Diarmuid Mac Muireadhaigh

Diarmuid Mac Muireadhaigh (English: Dermot McMurray), Irish poet, alive late 17th century.

Biography

Mac Muireadhaigh is believed to be the composer of a 23 verse poem in honour of Gordon O'Neill, Gluaisigh ribh a ghlac rannsa ... Paul Walsh notes that "Our poem would seem to have been addressed to him before the stirring times of his last years in Ireland," meaning it was written for O'Neill sometime in the 1680s.
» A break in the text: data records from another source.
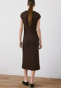 Młoda kobieta o jasnej cerze i zielonych oczach, ubrana w dopasowaną, ciemnobrązową bluzkę z krótkim rękawem na jednolitym białym tle.
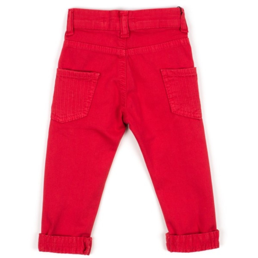- Зручні дитячі стрейчеві бавовняні штани червоного кольору, з кишенями та підгорнутими манжетами по низу від тм Jack Lions club.
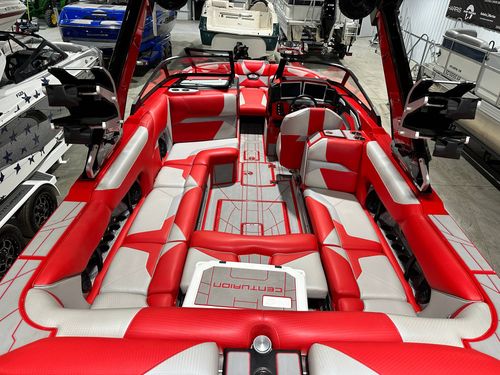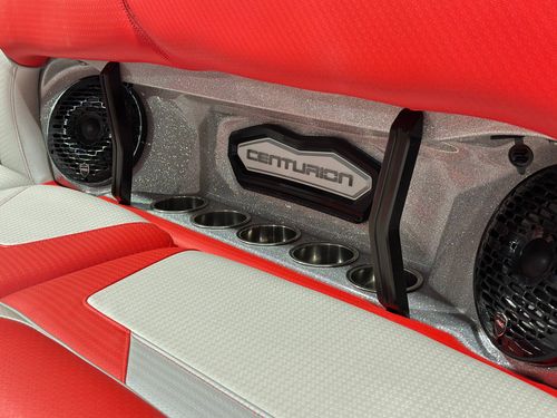 Onboard entertainment is complete with the Centurion Champ System by Wet Sounds, seamlessly integrated with Black Pro Rev10 Wet Sounds Tower Speakers. The system combines an ICE Stereo, AM/FM USB On-Screen Controls, 8" BLACK Interior Speakers, and a powerful 12" Subwoofer, letting you revel in your favorite tunes while sailing.
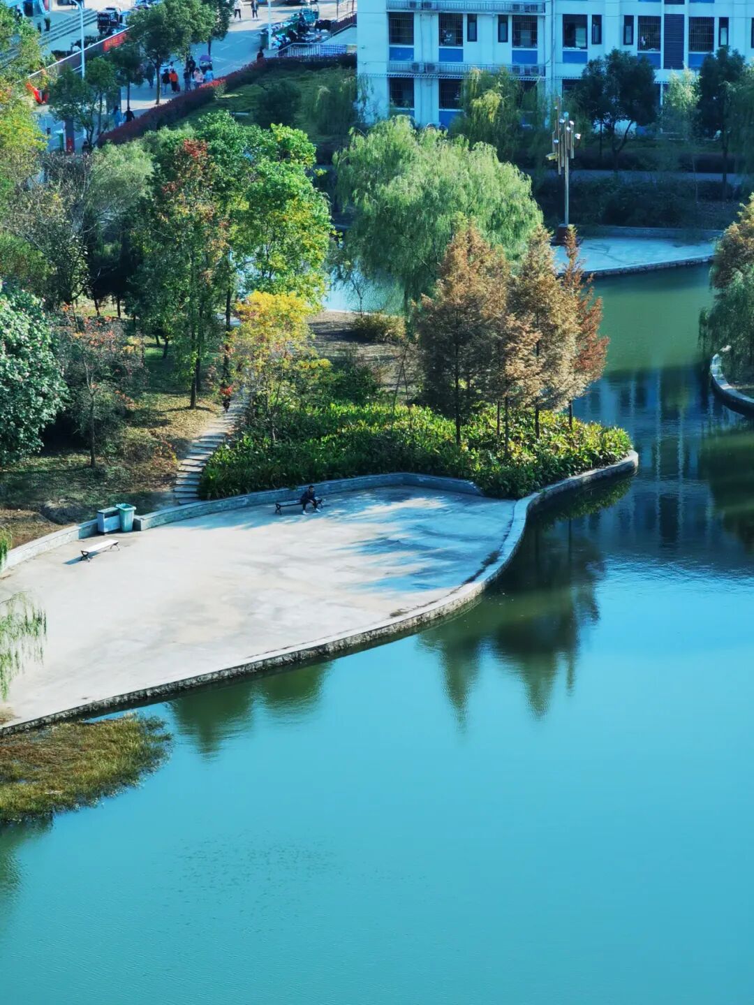 漫步校园,花海绚烂,四季不息,仿佛是大自然最慷慨的馈赠。宿舍旁,桃花笑春风,夜晚仰望星轨,那份宁静与辽阔,让心灵得以休憩,梦想得以翱翔。小湖边,放学归来的学子们三两成群,或谈笑风生,或静享夕阳,湖面倒映着行政楼与图书馆的轮廓,静谧而庄严,那是知识与智慧的象征。

No other details of Mac Muireadhaigh appear to be known, although a man of his surname was killed in action at the Battle of Aughrim in 1691, and was grandfather of Séamus Mór Mac Mhurchaidh, poet and outlaw, who was executed in 1750.

The poem

The first four verses of the poem:[1]

Gluaisigh ribh a ghlac rannsa
(ná fuirghe a bfad agamsa)
go hO Néill na ngruadh ngarrtha
do féin sdual gach deaghtarrtha
Abruidh uaim re a fholt tais
gur end sibh don chrann iomhais
do bhean me (sa taoibh re tuinn)
don chraoibh go ngé ^ núir náluinn
Innsigh dhósan do shúr suilt
doighre Cuind et Cormuic
go bfuil im sdórsa lámh libh
lán cóffra dona cnóaibh
Mac Sir Féidhlim flaith Eamhna
gion go labhair Gaoidhealga X.
do dhéin gáire gléghlan ruibh
ní náire dhó féin bhar bféuchuin

Go, ye handful of verses —
stay not long with me —
to Néill of the fine cheeks,
to him everything good is due.
Say to his soft hair, from me,
that ye are a nut from the tree
which I plucked — its side was towards the ground —
from the branch with fresh beautiful appearance.
Tell him, to excite mirth,
Conn's and Cormac's heir,
that in my store with ye
there is a cofferful.
Sir Féidhlim's son, Emhain's prince,
though he speaks not Irish, shall bestow
on ye a clear-bright laugh, no shame for
him it is to look upon ye.

References

  1. "Gleanings from Irish manuscripts". National Library of Scotland. p. 101. Retrieved 2018-01-18.